Anais da VI Reunião de Antropologia da Ciência e Tecnologia - ISSN: 2358-5684 94


O drama

Miguel, filho de Seu Manoel, meu principal informante e anfitrião durante todo período da
pesquisa de campo em Urucuia/MG, foi picado por uma cobra jararaca quando ainda era menino.
Num fim de tarde, por volta de 1975, trabalhava mais seu pai numa roça de mandioca. Miguel calçava
apenas um par de “chinelas” quando bateu a enxada num tufo de mato. Imediatamente, sentiu a
pontada (“bem no dedão do pé”) da mordida da serpente que estava escondida embaixo das folhas
grossas de uma macambira (Bromelia laciniosa). Num primeiro momento, Miguel nem sabia o que
o havia atingido (pensou ser espinho), até enxergar o rabo da cobra sumindo entre os ramos
espalhados pelo chão. Avisado pelo filho, Manoel procurou, avistou, identificou e matou a serpente
com uma foice. A “ofensa”, “por sorte”, foi “pouca”; apenas uma presa da jararaca acertou o dedão
do pé direito de Miguel. Além disso, ao que parece, a picada não foi tão profunda, impedindo que o
animal inoculasse grande quantidade de veneno no corpo de sua vítima. A dor da mordida, no entanto,
não deixou de ser intensa, e aumentava rapidamente. Um edema, que logo ganharia proporções ainda
maiores, apareceu. “Um roxão, assim, que depois pegou a perna inteira”, comentava Miguel.
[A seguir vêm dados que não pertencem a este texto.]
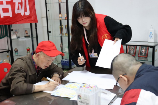 为增强大学生的社会责任感,培养关爱弱势群体的公民意识,营造理解、尊重、关心和帮助残障朋友的良好社会氛围,近日,艺术与传媒学院团总支、学生会组织志愿者代表前往成都市成华区残疾人联合会,开展了以“新叶绘画,助残筑梦”为主题的公益服务活动。此次活动以绘画、手工等艺术形式为载体,搭建残障朋友与志愿者互动交流的桥梁。双方携手创作,用色彩传递温暖,以艺术凝聚希望。这不仅是一次公益实践,更是一场心灵的对话,让大学生们在服务中深刻体会社会责任,也让残障朋友们在艺术表达中增强自信、感受关怀。

O menino foi deixado em casa, aos cuidados da mãe e de parentes próximos, enquanto seu pai
seguiu em direção à Fazenda Gameleira para arranjar soro antiofídico junto ao velho Cavalcanti,
grande criador de gado da região. Na Urucuia de então, à época apenas uma localidade longínqua do
município de São Francisco, distante quase cem quilômetros da sede, apenas o fazendeiro possuía o
antídoto adequado nas proximidades. No entanto, o velho Cavalcanti recusou-se a ceder o soro,
mesmo diante dos pedidos de Manoel. “Ele não queria dar. Só vender”, dizia o pai, “E meu dinheiro
era pouco”. Manoel seguiu, então, em busca de um “rezador de cobra”, especialista local no
tratamento contra picadas de serpentes. A personagem, como todo urucuiano sabe, nunca pede
dinheiro pelos seus serviços. Solicitado, iniciou prontamente os trabalhos. O tratamento receitado
consistia na realização de preces dedicadas a diversos santos, principalmente São Bento, e na
administração de remédios específicos, com destaque para uma bebida feita da mistura de querosene
e cachaça. Ao longo das semanas, a perna de Miguel “inchou”, “roxeou”; ele sangrava pelas gengivas
e pela urina. A dor parecia insuportável. Durante o tratamento, seus pais e demais familiares temeram
por sua vida. No entanto, o corpo do menino de 13 anos reagiu bem. “Passado mais de mês” depois
da picada, ele estava totalmente curado. “Graças a Deus”, concluem pai e filho.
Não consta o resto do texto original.